The leaked transcripts of Trump’s phone calls to world leaders are teaching me a lot about the art of the deal. I never knew about this “you’re killing me” technique.
I especially like the way Trump discussed the proposed border wall with the president of Mexico. After a year or two lying and telling everyone in the world that he was going to make Mexico pay for the wall, he basically told President Peña Nieto that he had to play along with the lie or it would make Trump look bad.
Then when Nieto said no to the fantasy that Mexico would pay for the wall, Trump threatened him with isolation. He said he wouldn’t have any dealings with Nieto or his people. “If you’re not going to say that Mexico is going to pay for the wall, then I do not want to meet with you guys anymore because I cannot live with that.” Oh no, the horror.
I wish I’d known about these techniques all the years I was driving and getting stopped by the police.
“Officer, you’re killing me here. I needed to do 80 miles per hour on this highway. I promised some people I’d meet them in 10 minutes. I can’t drive any slower than that.”
“If you write me a ticket I’m not going to deal with you or your people ever again.”
“You can’t give me a ticket, I’ve told all my friends that I could speed all I want and get away with it. You’ll make me look bad to my friends.”
But there was more! Trump also had a carrot: If Nieto went along with Trump, Trump would make Nieto so popular in Mexico the people would call for a constitutional amendment to get Nieto past the term limit for his office.
“Officer, let me get back to speeding, and I’ll see to it you’re promoted to chief of police.”
If Trump thinks that Nieto could be swayed by an unending term in office, what does that say about Trump’s own lifetime goals?
It makes me wonder what other cushy offers Trump has made to world leaders. What is he offering Kim Jong-un behind the scenes to get him to stop developing nuclear weapons?
“You’re killing me with these ICBMs, Jong-un. Tell you what, knock it off and I’ll buy you China. I’ll buy you a whole new country. You can’t turn down an offer that good.”
Trump’s calls gave me flashbacks. I remembered people I’ve known who treated me the way Trump treats world leaders over the phone. There was one I’ll call Wilbur, because I’m afraid that if I used his real name he’d hear about it and come back into my life.
Wilbur was a friend of some of my best friends, so he was always around. I couldn’t get rid of Wilbur without finding all new friends. So, what’s the problem? Wilbur got his way with my friends using all the same tactics that Trump tried to use with Nieto.

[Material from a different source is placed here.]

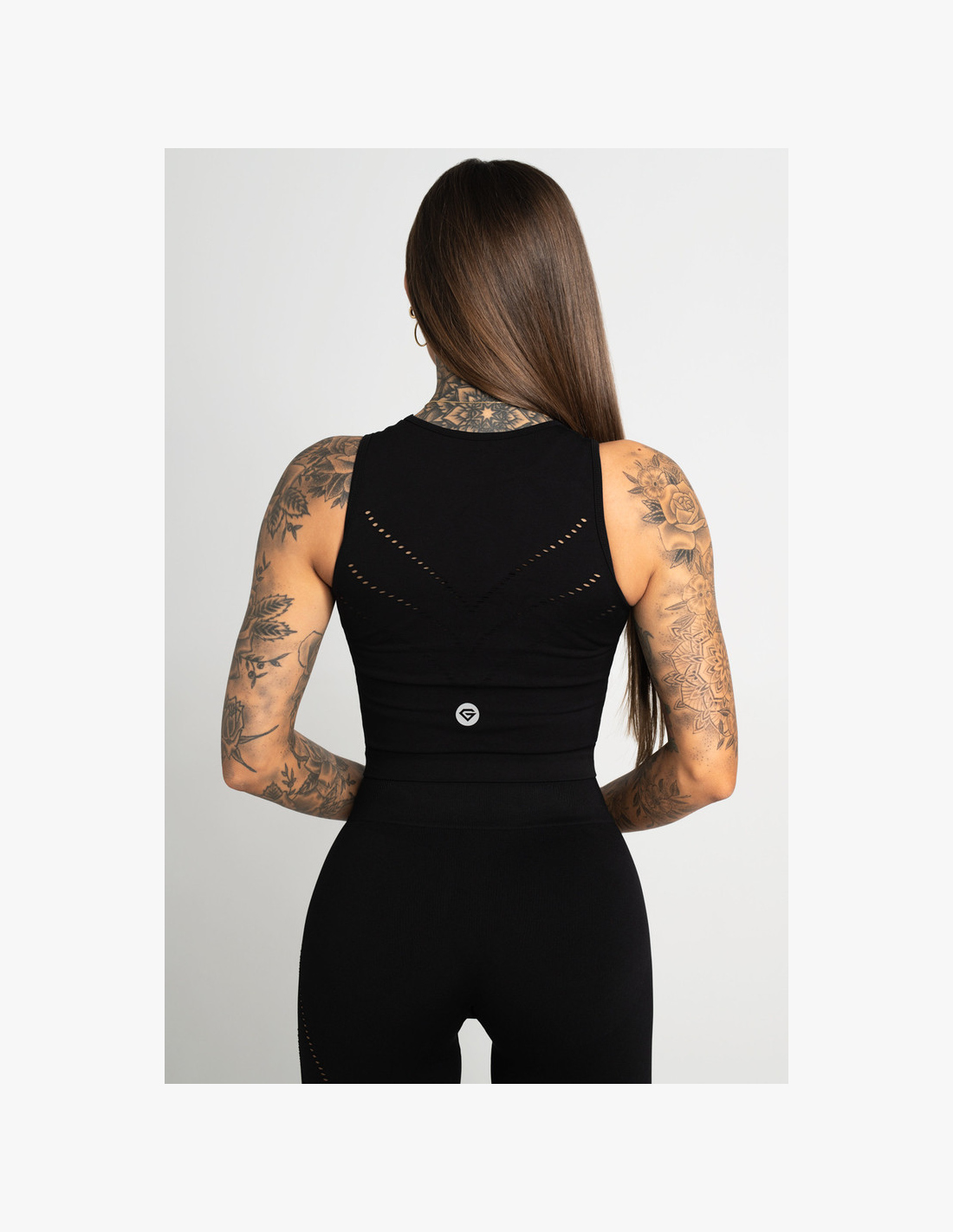 Ženský športový top s premysleným strihom a nápaditými detailami. Ramienka sú navrhnuté tak, aby opticky rozšírili ramená, zatiaľ čo odhalené chrbát podčiarkuje ženský vzhľad.

Here’s a typical scenario. Say we wanted to go to a restaurant for pizza. Wilbur would spend an hour or so building up a French restaurant he wanted to go to.
“They have the best food. They have the best service. They have the best ambience. Trust me, they’re the greatest, you’re hearing that from me, I know all the best restaurants.”
Then when we all said we still wanted pizza, Wilbur freaked. He’d laid his reputation on the line. Now we were personally attacking him and his excellent judgment. Next, he would lie and declare that the group as a whole had already decided to go where he wanted, and threaten each one of us individually if we didn’t go along with the group’s decision.
At the time I just thought, what a resounding jerk. I’ve had ticks attached to my neck that were better human beings. Wilbur’s company was less enjoyable than that of a rusty nail jabbed in my foot.
Now I see that Wilbur was just being presidential and winning, and pointing the way to excellence. I should have followed his lead.
If only I had learned the right techniques for getting my way, who knows what I might have done with my life. I could be president by now.
I could have been the greatest person ever.
Dr. Wes Browning is a one time a math professor and three times homeless. He has been involved with Real Change since he supplied the art for the first cover in November of 1994. This is his regular humor column, Adventures in Irony.